DATA FOR REVIEW:
□ □ □ □ □

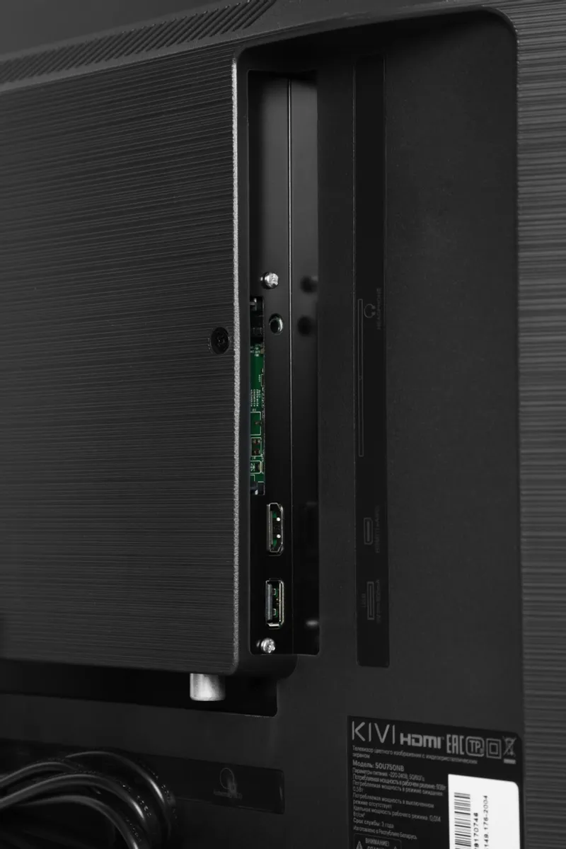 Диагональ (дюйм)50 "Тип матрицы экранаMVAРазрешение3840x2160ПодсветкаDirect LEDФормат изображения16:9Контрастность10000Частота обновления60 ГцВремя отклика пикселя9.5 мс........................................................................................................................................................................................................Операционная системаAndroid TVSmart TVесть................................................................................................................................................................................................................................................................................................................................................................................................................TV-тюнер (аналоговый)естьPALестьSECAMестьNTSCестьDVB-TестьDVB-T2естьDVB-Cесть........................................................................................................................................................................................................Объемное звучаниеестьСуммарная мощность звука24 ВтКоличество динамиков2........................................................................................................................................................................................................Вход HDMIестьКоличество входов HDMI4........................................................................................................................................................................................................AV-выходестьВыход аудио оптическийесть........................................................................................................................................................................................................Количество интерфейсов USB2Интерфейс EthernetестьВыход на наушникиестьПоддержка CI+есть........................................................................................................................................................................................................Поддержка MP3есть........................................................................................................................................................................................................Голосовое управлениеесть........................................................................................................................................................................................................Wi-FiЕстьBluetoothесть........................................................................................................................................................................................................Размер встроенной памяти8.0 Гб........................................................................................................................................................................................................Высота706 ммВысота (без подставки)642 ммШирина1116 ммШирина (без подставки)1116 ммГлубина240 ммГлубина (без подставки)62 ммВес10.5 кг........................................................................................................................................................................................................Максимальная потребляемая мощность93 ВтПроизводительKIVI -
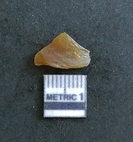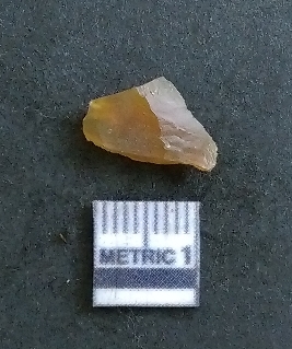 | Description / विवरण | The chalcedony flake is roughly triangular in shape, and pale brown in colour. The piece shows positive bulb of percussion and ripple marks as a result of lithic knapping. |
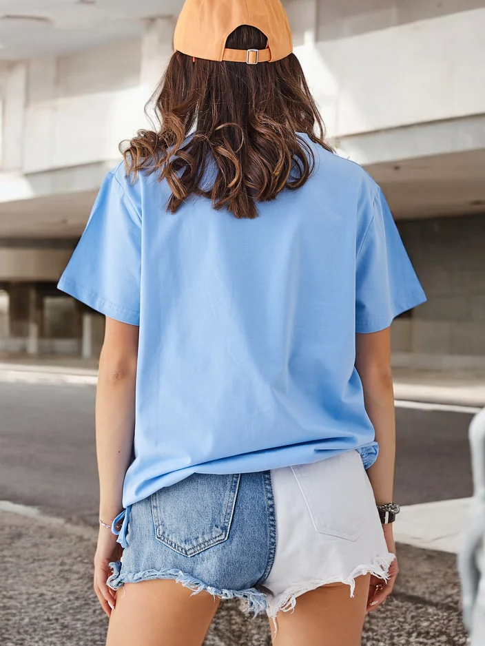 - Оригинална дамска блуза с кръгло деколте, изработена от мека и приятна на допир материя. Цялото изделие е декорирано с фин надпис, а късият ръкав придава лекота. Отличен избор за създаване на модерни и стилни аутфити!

□ □ □ □ □

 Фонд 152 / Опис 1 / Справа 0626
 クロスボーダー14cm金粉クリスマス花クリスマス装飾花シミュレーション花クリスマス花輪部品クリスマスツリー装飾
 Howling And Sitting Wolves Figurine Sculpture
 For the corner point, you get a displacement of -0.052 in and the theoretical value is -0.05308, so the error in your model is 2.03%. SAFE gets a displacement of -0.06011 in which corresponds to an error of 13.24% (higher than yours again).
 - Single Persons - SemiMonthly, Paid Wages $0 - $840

□ □ □ □ □

EXERCISE DESCRIPTION:
From the entries above, give again exactly the lines running from the line with "Фонд 152 / Опис 1 / Справа 0626" to the line with "- Single Persons"; include both of those lines.

WRITTEN RESPONSE:
 Фонд 152 / Опис 1 / Справа 0626
 クロスボーダー14cm金粉クリスマス花クリスマス装飾花シミュレーション花クリスマス花輪部品クリスマスツリー装飾
 Howling And Sitting Wolves Figurine Sculpture
 For the corner point, you get a displacement of -0.052 in and the theoretical value is -0.05308, so the error in your model is 2.03%. SAFE gets a displacement of -0.06011 in which corresponds to an error of 13.24% (higher than yours again).
 - Single Persons - SemiMonthly, Paid Wages $0 - $840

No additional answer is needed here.